À Genève, j’ai vu une RUF et j’en suis tombé amoureux

Publié le 19 mars 2018 dans Blogue par William Clavey

Le Salon de l’auto de Genève, c’est un salon hors du commun. Sur le plancher du Palexpo, des Honda Civic, des Hyundai Elantra, des Mazda CX-5, il n’y en a pas. Genève, c’est les grosses bagnoles, les supervoitures, les Lamborghini, les Ferrari, les McLaren et j’en passe. Si l’on comptait la valeur totale des bolides qui y sont exposés, on dépasserait facilement le milliard de dollars.

Mais Genève, ce n’est pas que les marques de luxe, c’est aussi les constructeurs niches, ceux qui ne fabriquent qu’un, deux ou même trois exemplaires d’un véhicule. C’est ici que l’on montre notre savoir-faire. C’est ici où Bernie Ecclestone, Christian Von Koenigsegg et Magnus Walker se tiennent, et c’est ici que les princes cheikhs milliardaires magasinent leur nouveau jouet.

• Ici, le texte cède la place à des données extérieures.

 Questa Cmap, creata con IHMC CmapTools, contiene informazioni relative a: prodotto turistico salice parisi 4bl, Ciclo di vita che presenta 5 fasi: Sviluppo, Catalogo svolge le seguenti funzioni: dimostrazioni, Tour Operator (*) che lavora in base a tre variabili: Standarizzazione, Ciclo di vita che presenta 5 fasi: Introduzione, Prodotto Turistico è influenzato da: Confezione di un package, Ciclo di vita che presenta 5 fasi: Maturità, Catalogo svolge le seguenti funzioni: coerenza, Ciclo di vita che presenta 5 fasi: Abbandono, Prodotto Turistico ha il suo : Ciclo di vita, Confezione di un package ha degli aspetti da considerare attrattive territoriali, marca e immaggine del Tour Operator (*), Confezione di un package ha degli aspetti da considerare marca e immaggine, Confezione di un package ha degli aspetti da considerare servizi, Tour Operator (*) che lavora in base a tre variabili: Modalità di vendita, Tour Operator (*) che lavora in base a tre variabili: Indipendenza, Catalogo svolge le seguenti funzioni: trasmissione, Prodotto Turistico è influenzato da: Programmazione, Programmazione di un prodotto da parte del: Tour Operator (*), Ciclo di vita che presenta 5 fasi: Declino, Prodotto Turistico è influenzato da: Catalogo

Parmi les raretés du salon, on compte également les modificateurs spécialisés : Brabus, Techart, ABT, Hennessey, Klassen et autres. Sans oublier RUF. Oui RUF, la marque qui a longtemps modifié des Porsche, le père de l’iconique Yellow Bird, celle que l’on peut voir sur YouTube, sur la drift, à fond de caisse sur le circuit du Nürburgring.

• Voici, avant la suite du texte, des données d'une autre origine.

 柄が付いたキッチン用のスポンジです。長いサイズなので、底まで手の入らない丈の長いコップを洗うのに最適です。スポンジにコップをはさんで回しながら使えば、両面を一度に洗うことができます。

Au Salon de Genève 2018, RUF a dévoilé son nouveau bébé, la SCR. Je l’ai vue de mes propres yeux! Je me suis assis à l’intérieur. Et j’en suis tombé amoureux.

100% RUF

Contrairement à ce que l’on est habitué de voir venant du spécialiste, la SCR n’est pas une Porsche 911 modifiée, mais bel et bien un produit entièrement conçu par RUF. En fait, cette création est le deuxième effort du constructeur niche pour se lancer dans la production complète de son propre modèle. La première tentative était la CTR3 à moteur central, mais qui empruntait néanmoins des composantes mécaniques de la Porsche 911 997. La SCR, quant à elle, est unique.

Elle rend hommage à la première SCR d’il y a 40 ans. À l’époque, c’était une Porsche 911 hautement modifiée qui livrait des performances que même le constructeur ne pouvait offrir. C’est la SCR qui a mis le nom RUF sur la carte.

Oubliez les turbos et les boîtes robotisées

Pour la nouvelle version, on a recours à la fibre de carbone. La SCR n’emprunte pas la plate-forme d’une Porsche 911 moderne, mais utilise sa propre structure, conçue par les ingénieurs RUF. Même chose au niveau de sa carrosserie ultralégère qui ne pèse que 1 250 kg et dont le design rappelle les bonnes vieilles Porsche d’autrefois, refroidies à l’air. Son habitacle est une reproduction presque intacte de la 911 964, le tout, bien entendu recouvert d’alcantara.

Sous son petit capot, situé à l’arrière, fidèle à la 911, se trouve un six cylindres à plat atmosphérique de 4,0 litres produisant 510 chevaux et un couple de 470 lb-pi. Ces chiffres ressemblent drôlement à ceux de la Porsche 911 GT3 RS, sauf que le couple est beaucoup plus élevé dans la SCR. C’est une RUF, alors c’est normal…

RUF déclare une vitesse de pointe de 320 km/h. La seule boîte de vitesses proposée est une manuelle à six rapports. Son rouage est à propulsion seulement et, non, la SCR ne vient avec aucune aide à la conduite électronique ni aucun système de sécurité semi-autonome. Après tout, le slogan du spécialiste allemand, qui vend ses bolides en Amérique du Nord uniquement sur commande spéciale préapprouvée, a toujours été : « le plaisir de conduire sans filtres ». Alors, pourquoi restreindre la bête avec de l’électronique?

Mesdames et messieurs, il y a de l’espoir pour les amateurs de conduite. Cet espoir se nomme RUF SCR. C’est une machine venue tout droit des dieux de la conduite sportive, une voiture sport qui est absolument parfaite.